Special Correspondent

Udhagamandalam: With the awe-inspiring, beautiful hills of the Nilgiris having exposed their dark side and taken many lives, the clamour for action to protect them has become strident.

Lamenting that the serene hills have over the past few days become a source of fear, people representing a cross section of the society, particularly green activists, opined to The Hindu here that only through swift damage control measures can a change be brought in the current mental makeup of the society.

Meanwhile the probable causes for the catastrophe have started doing the rounds. Honorary Director of the Nilgiri Documentation Centre (NDC) Dharmalingam Venugopal handed over a copy of a compilation, “Planning for development with conservation in hill areas with special reference to the Nilgiris”, sponsored by the Union Planning Commission (UPC) and prepared by the Save Nilgiris Campaign in 2005, to the Nilgiris Collector Anandrao V.Patil on Wednesday. Mr. Venugopal said that steps to reverse the trend vis-À-vis ecologically harmful practices cannot brook further delay.

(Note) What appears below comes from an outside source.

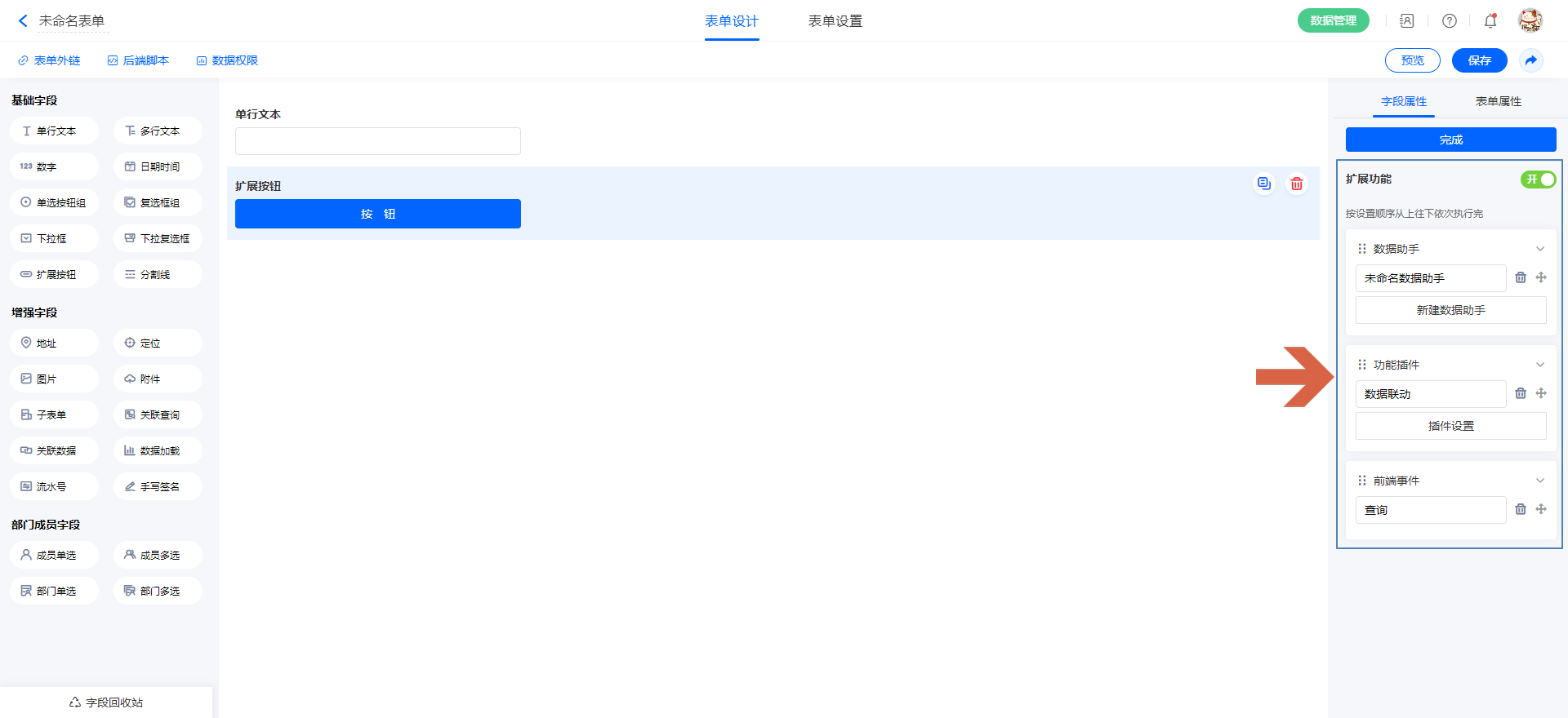 原来扩展体系只支持选择 [数据助手] 、[ 功能插件]、 [前端事件]、 [后端事件]中的一种进行设置,优化后支持这四种功能扩展同时设置,并行触发。

Mr.Patil promised that as soon as the focus shifts from relief and restoration, high priority would be accorded to identifying the factors which contributed to the recent natural calamity which claimed many lives and caused extensive damage.Appropriate remedial measures would be taken.

Mr.Venugopal has also urged the Deputy Chairman of the Planning Commission Montek Singh Ahluwalia and the Union Minister for Environment and Forests Jairam Ramesh to find out whether the recent unprecedented developments in the Nilgiris were in tune with the warning of climatologists that mountains will be the first to feel the impact of climate change.

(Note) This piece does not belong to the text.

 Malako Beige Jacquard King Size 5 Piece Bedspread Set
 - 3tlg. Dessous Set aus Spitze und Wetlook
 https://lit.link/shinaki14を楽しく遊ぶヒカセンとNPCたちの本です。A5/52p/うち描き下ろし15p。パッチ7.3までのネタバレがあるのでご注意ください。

He hoped that the Nilgiris will figure in the United Nations Climate Change Conference in Copenhagen.

Mr.Ahluwalia has asked him to apprise member of the Planning Commission Kasturirangan.

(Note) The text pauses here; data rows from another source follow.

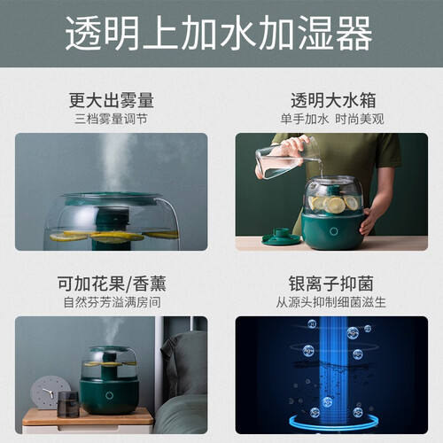 360度旋转出雾口,滋润空气可直达角落,加湿不留死角。内置香薰盒,加入喜欢的精油,释放宜人的香气。
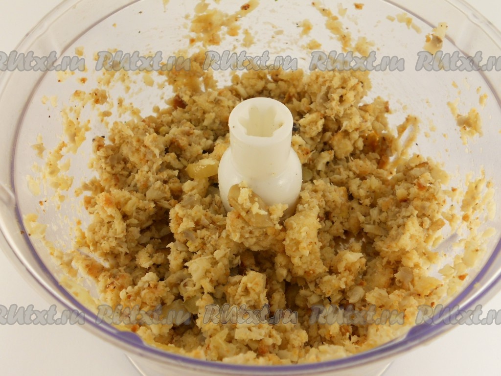 Переложить грибы с луком в чашу для миксера, добавить ломтики батона, измельчить. Можно вместо блендера пропустить хлеб и грибы через мясорубку. Посолить получившуюся грибную начинку по вкусу.
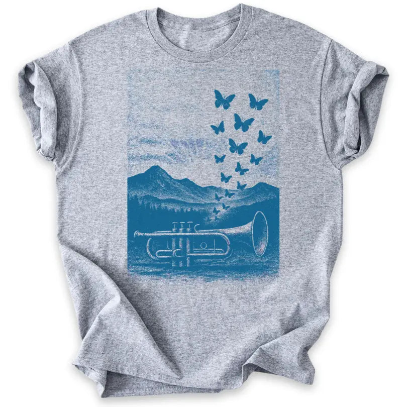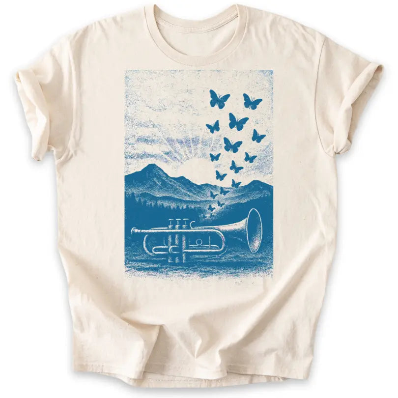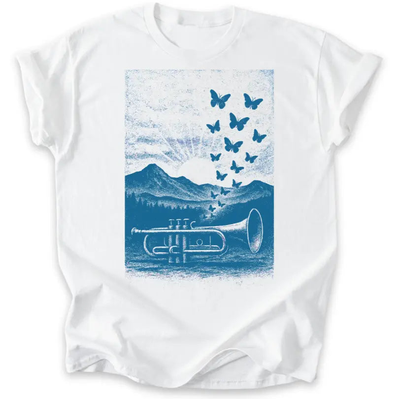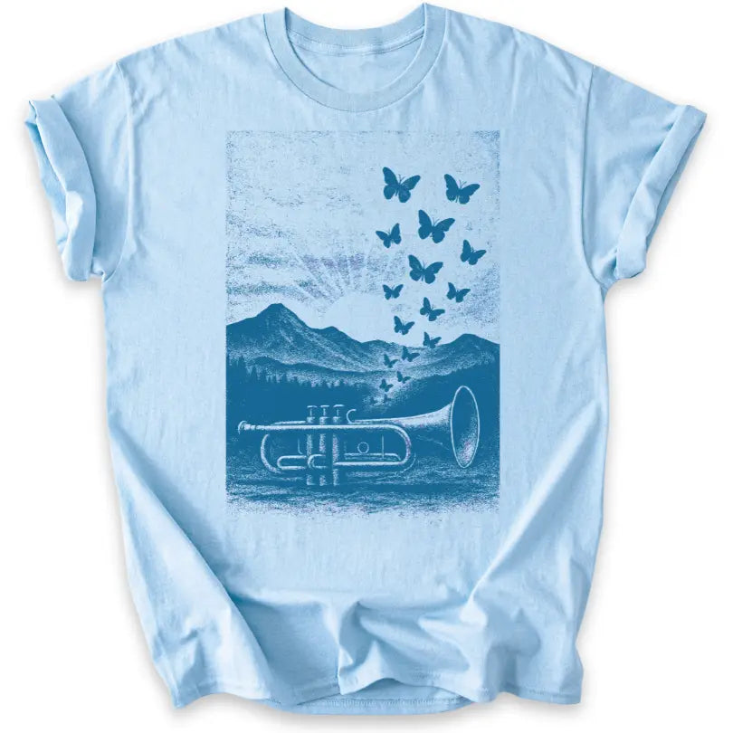Dieses T-Shirt verbindet Natur, Sonnenaufgang und den warmen Klang des Blechs zu einem harmonischen Kunstwerk.

The President, All India Women’s Conference, the Nilgiris Chapter Indu K.Mallah said that steps should be taken to declare the Nilgiris as a protected area and the Master Plan introduced in the early 1990s revived.

Indiscriminate building activities should be stopped and henceforth all building proposals should be thoroughly vetted by an expert team of engineers and architects to ensure that they do not de-stabilise the surrounding region. Illegal quarrying and tree-felling should be stopped with immediate effect. Indigenous farming practices should be encouraged. Encroachments on hill sides and other sensitive areas should be dealt with firmly. Mass afforestation programmes should be undertaken in a planned manner and the services of committed NGOs and individuals should be used to strengthen the hands of the administration.